◆ Exercise details
With the pictures left out, write out exactly the lines of the listing below that run from the line with "各学級の出し物が決まりました。盛り上がってきています。" through the line with "カイロス「無重力クッション」".

◆ Information supplied

+ + +

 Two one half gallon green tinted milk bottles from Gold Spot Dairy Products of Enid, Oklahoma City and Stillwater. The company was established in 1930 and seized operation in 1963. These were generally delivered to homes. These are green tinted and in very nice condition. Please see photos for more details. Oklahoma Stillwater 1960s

+ + +

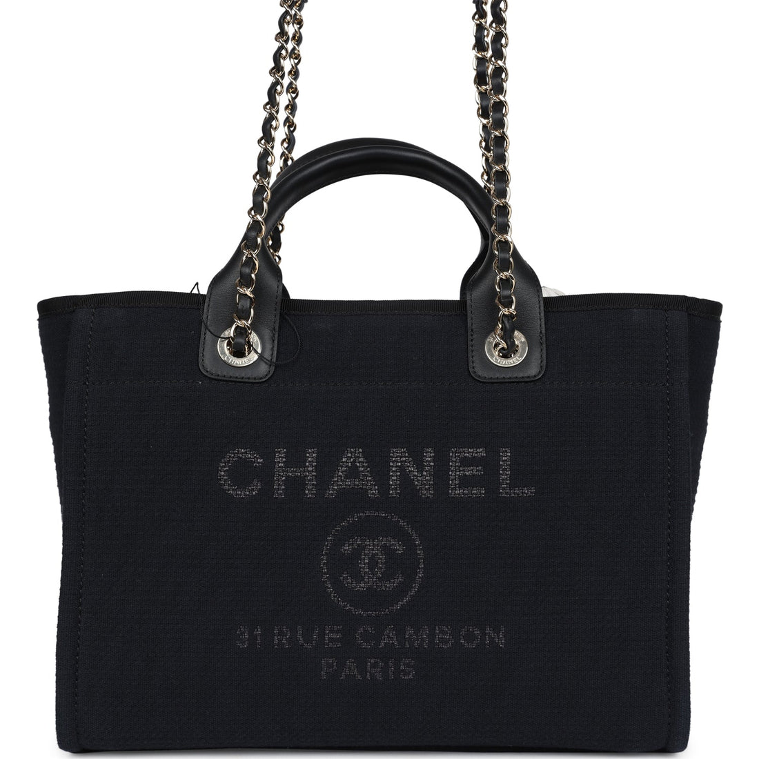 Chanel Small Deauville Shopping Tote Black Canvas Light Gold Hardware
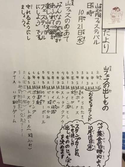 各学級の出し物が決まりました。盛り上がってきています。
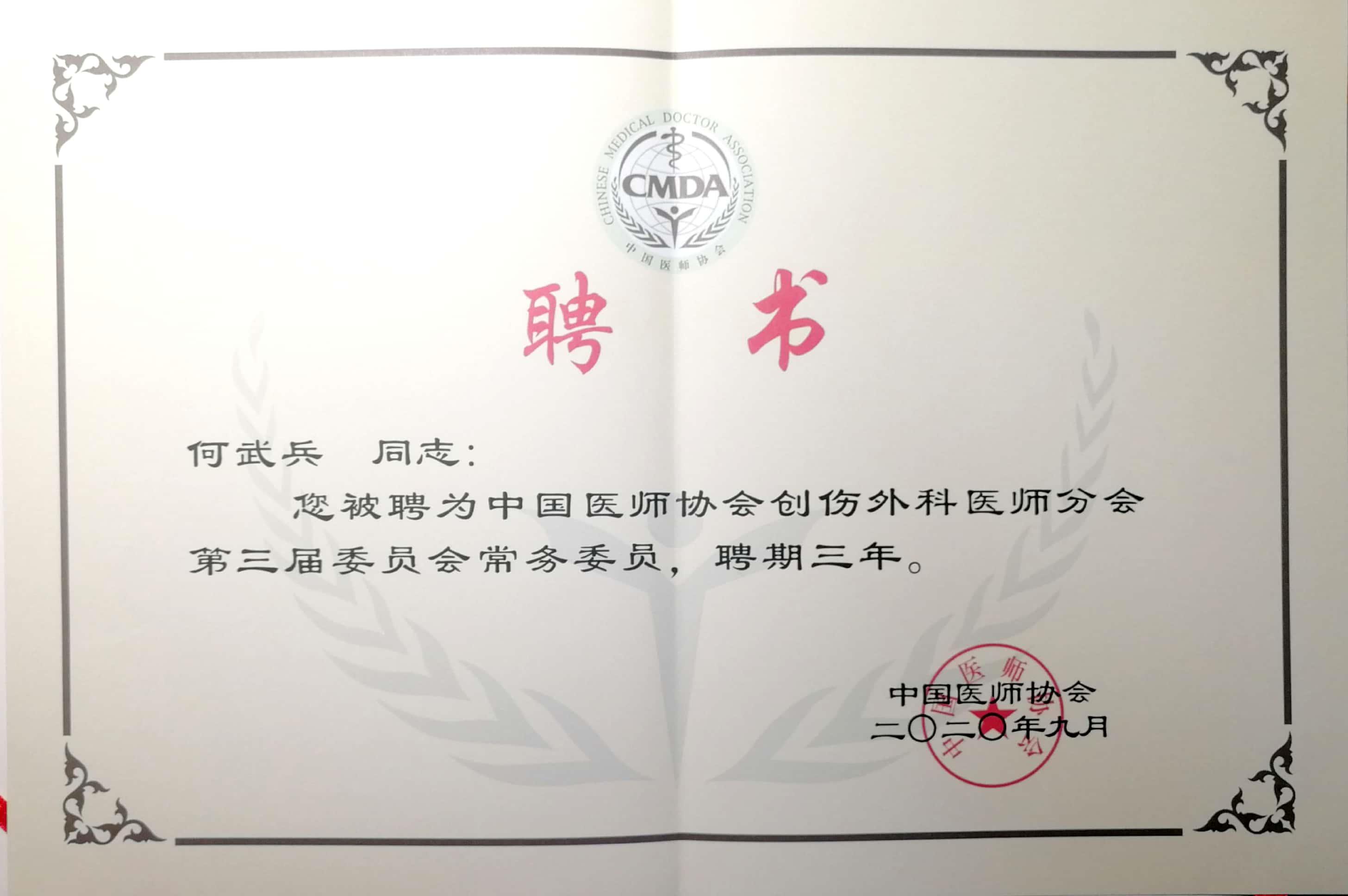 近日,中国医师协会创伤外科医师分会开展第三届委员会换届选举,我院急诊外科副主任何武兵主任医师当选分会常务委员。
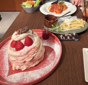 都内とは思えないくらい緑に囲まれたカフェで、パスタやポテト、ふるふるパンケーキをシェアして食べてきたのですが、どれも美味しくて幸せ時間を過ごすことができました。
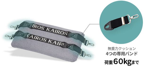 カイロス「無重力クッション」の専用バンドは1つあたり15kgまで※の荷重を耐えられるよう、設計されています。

+ + +

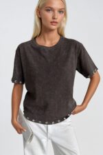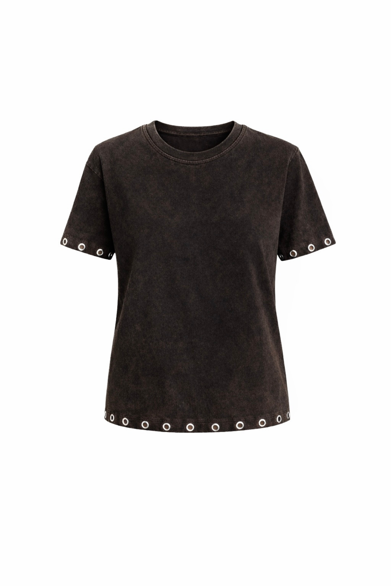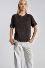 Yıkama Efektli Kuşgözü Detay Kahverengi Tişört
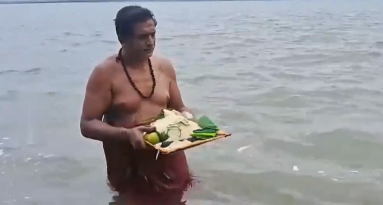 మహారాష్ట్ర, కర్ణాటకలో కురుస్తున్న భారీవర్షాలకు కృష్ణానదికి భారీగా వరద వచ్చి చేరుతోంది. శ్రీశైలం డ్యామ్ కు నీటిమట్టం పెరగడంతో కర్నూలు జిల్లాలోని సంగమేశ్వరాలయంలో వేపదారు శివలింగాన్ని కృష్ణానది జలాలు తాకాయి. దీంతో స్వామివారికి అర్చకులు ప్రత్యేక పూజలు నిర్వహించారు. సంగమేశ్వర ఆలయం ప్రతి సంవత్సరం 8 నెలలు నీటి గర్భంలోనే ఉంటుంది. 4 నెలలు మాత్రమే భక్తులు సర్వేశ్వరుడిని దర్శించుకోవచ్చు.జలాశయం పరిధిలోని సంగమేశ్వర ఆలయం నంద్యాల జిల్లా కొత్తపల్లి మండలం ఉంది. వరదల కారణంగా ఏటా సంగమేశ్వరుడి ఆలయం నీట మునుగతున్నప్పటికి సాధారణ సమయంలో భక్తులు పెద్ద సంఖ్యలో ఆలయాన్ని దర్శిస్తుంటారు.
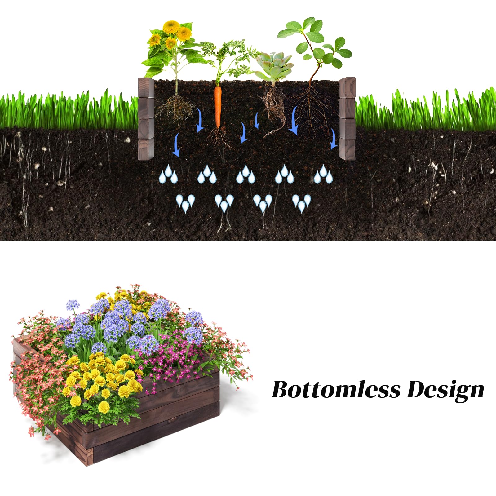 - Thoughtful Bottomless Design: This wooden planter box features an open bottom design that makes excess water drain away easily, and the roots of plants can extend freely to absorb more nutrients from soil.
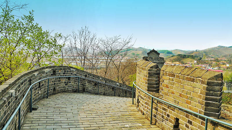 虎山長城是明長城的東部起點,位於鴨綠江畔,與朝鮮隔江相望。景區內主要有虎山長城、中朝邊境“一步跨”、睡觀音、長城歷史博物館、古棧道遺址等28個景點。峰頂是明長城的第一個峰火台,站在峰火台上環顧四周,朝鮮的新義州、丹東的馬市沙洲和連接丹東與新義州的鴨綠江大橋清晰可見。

+ + +

◆ Exercise output
 各学級の出し物が決まりました。盛り上がってきています。
 近日,中国医师协会创伤外科医师分会开展第三届委员会换届选举,我院急诊外科副主任何武兵主任医师当选分会常务委员。
 都内とは思えないくらい緑に囲まれたカフェで、パスタやポテト、ふるふるパンケーキをシェアして食べてきたのですが、どれも美味しくて幸せ時間を過ごすことができました。
 カイロス「無重力クッション」の専用バンドは1つあたり15kgまで※の荷重を耐えられるよう、設計されています。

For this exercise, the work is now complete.